Our Story
Document Mesh was created to solve layout-aware document extraction. We started with large language models, graph compilations, and high-DPI visual tokenizers to bridge the gap between unstructured documents (Word, PDF, Spreadsheets, etc.) and structured relational databases.
Mission
Documents are spatial and hierarchical artifacts. Traditional extraction pipelines discard this structure, flattening text stream inputs and triggering hallucinations. Document Mesh restores layout context, ensuring every extracted field holds absolute layout grounding and pixel provenance.
We build the open-source pipeline modules to parse, vectorize, validate, and search unstructured portfolios, turning static document repositories into high-fidelity relational graphs.
Our Vision
"A world where no enterprise loses value or incurs compliance risks because critical obligations remained buried inside unstructured layouts."
— Document Mesh Project Team
Values
Unstructured document extraction is a high-stakes task. We believe in visual-token coordination that maps text blocks to layout coordinates, avoiding structural loss in document tables.
Every parsed field must be auditable. Surfacing bounding boxes and token-level logprobs ensures developers and reviewers can immediately verify the extraction source.
Enterprise documents belong in your secure boundary. Document Mesh is built for isolated private networks, avoiding external api dependencies and enforcing regional KMS encryption.
Audience
Software teams building structural data extraction flows from raw unstructured documents, needing layout-aware vector embeddings, custom JSON validation, and clean metadata mappings.
Enterprise risk officers requiring strict audit trails, pixel-level provenance verifications, and deterministic obligation-graph tracking to flag exposure patterns.
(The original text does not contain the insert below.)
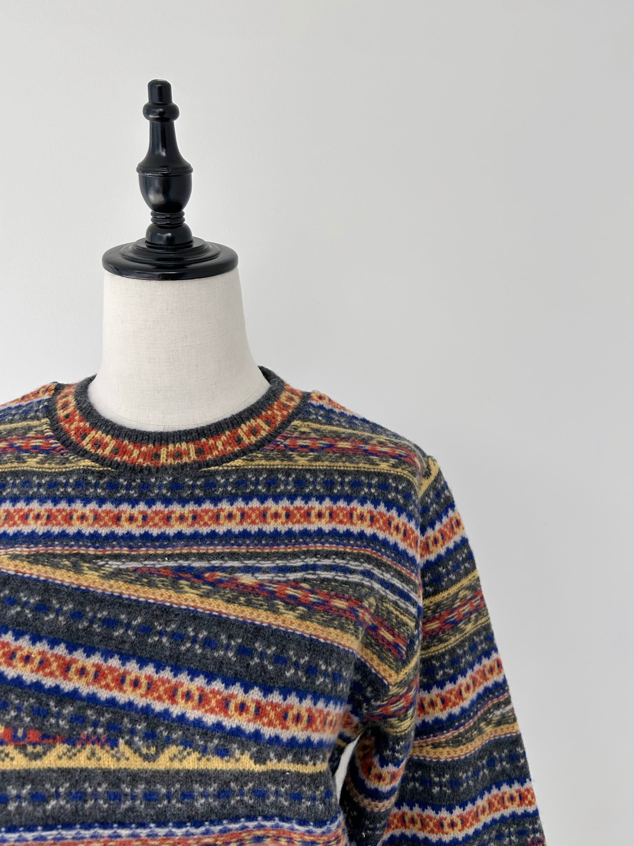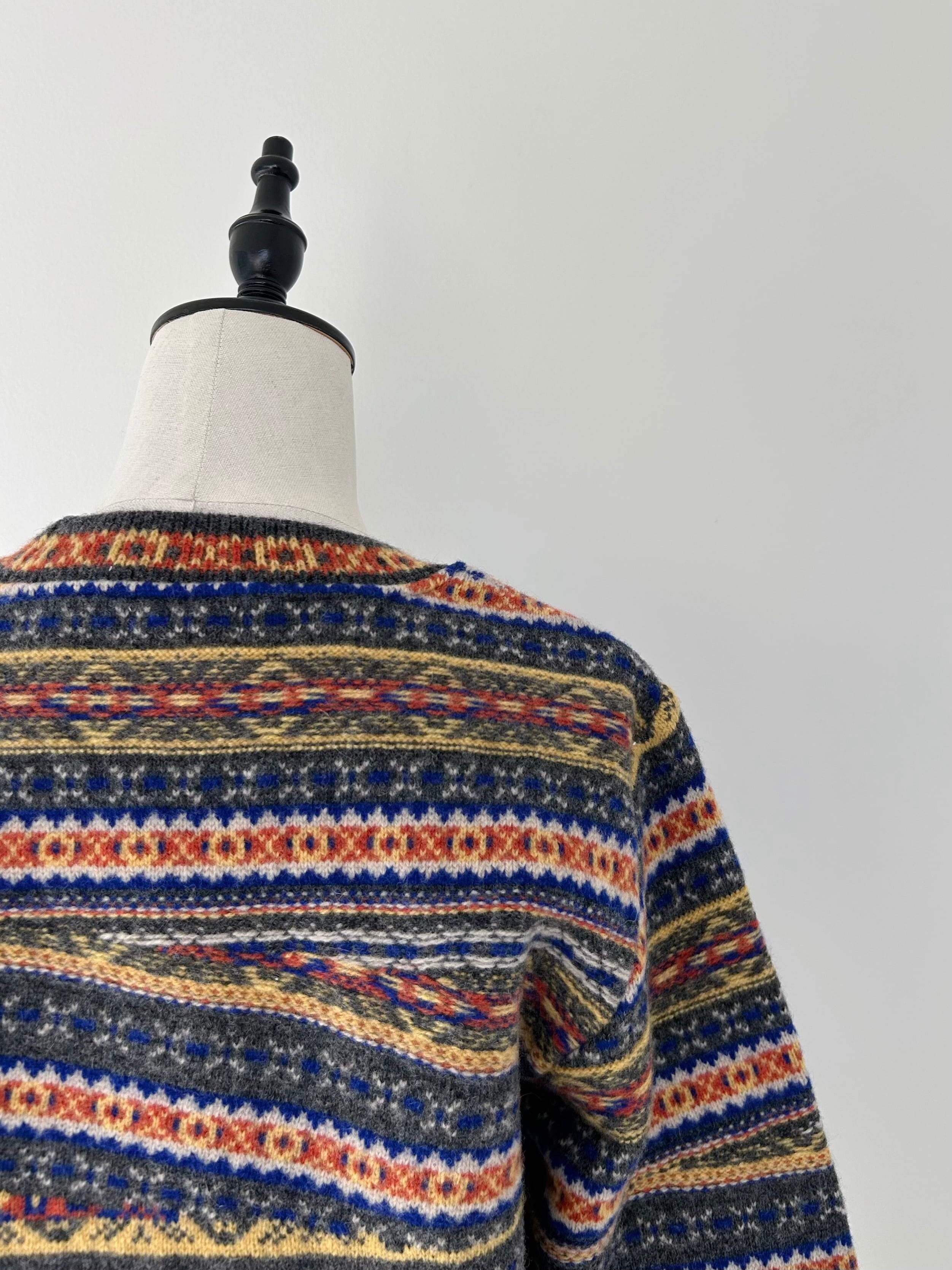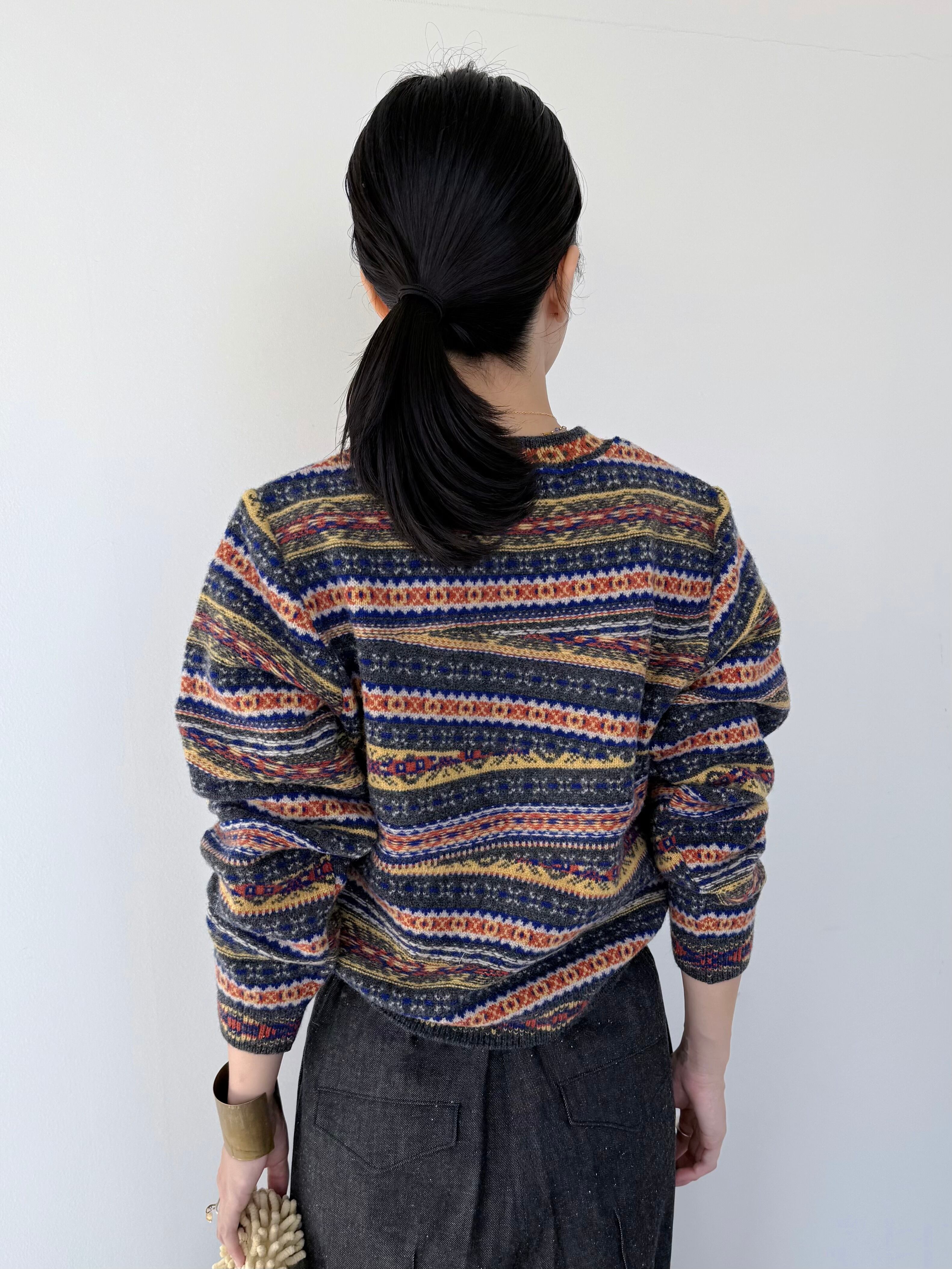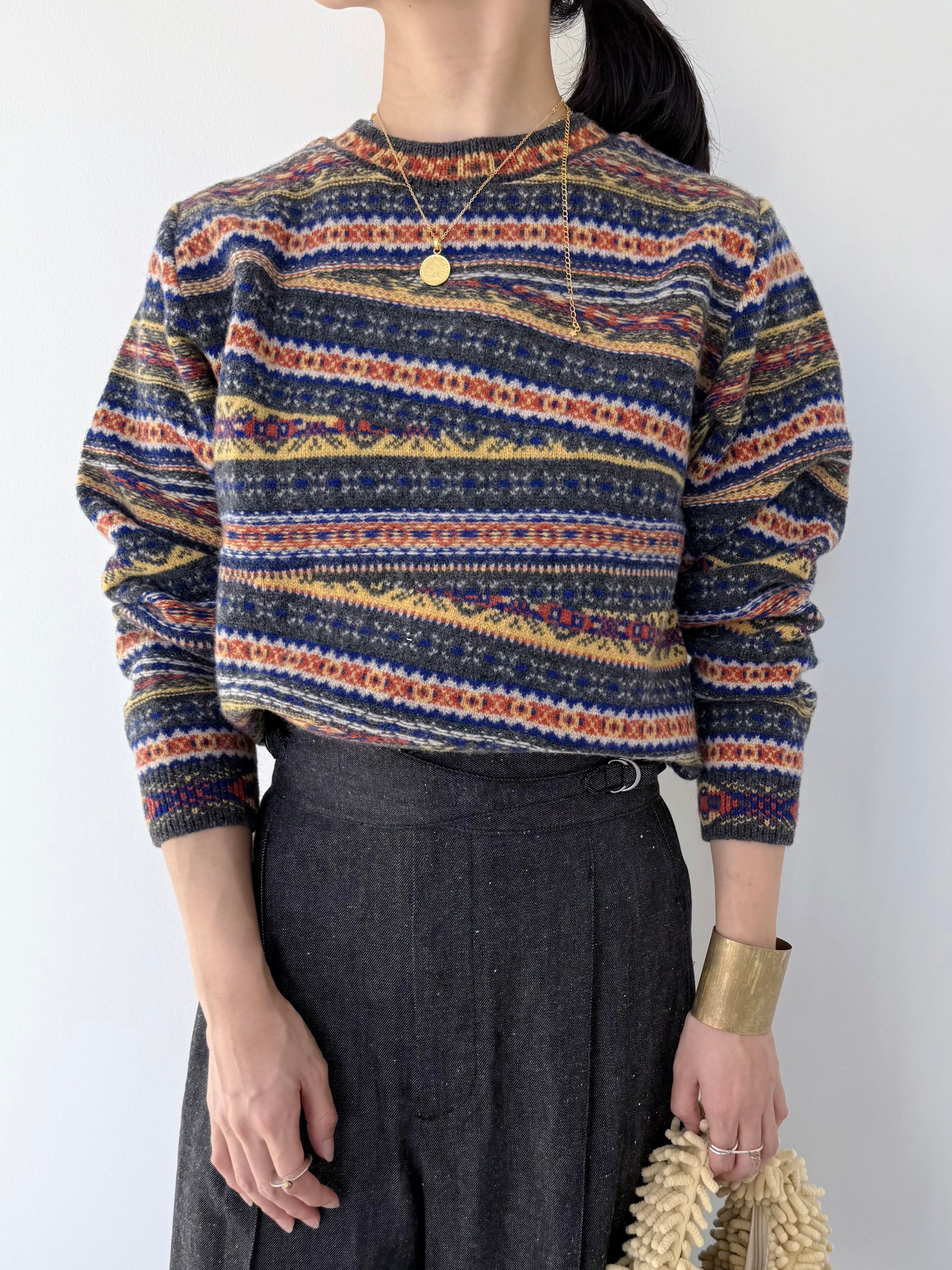 トラディショナルなフェアアイル柄をあえて歪ませたミドルゲージセーター。

Legal ops groups automating cross-agreement citations, binding definitions, and tracking liability/renewal schedules in an connected graph schema.
Architecture
No silent extraction failures. Low-confidence token sequences automatically route to human reviewers, while high-confidence values sync programmatically.
Coreference term anchoring and citation dependency mapping resolve sections and amendments into a single traversable relational network.
Customer files remain fully isolated at the storage and compute layer, running locally or VPC-natively with zero external data retention policy.
Sync embeddings to vector databases (pgvector, Qdrant) and relational networks straight to graph databases (Neo4j) to empower hybrid search.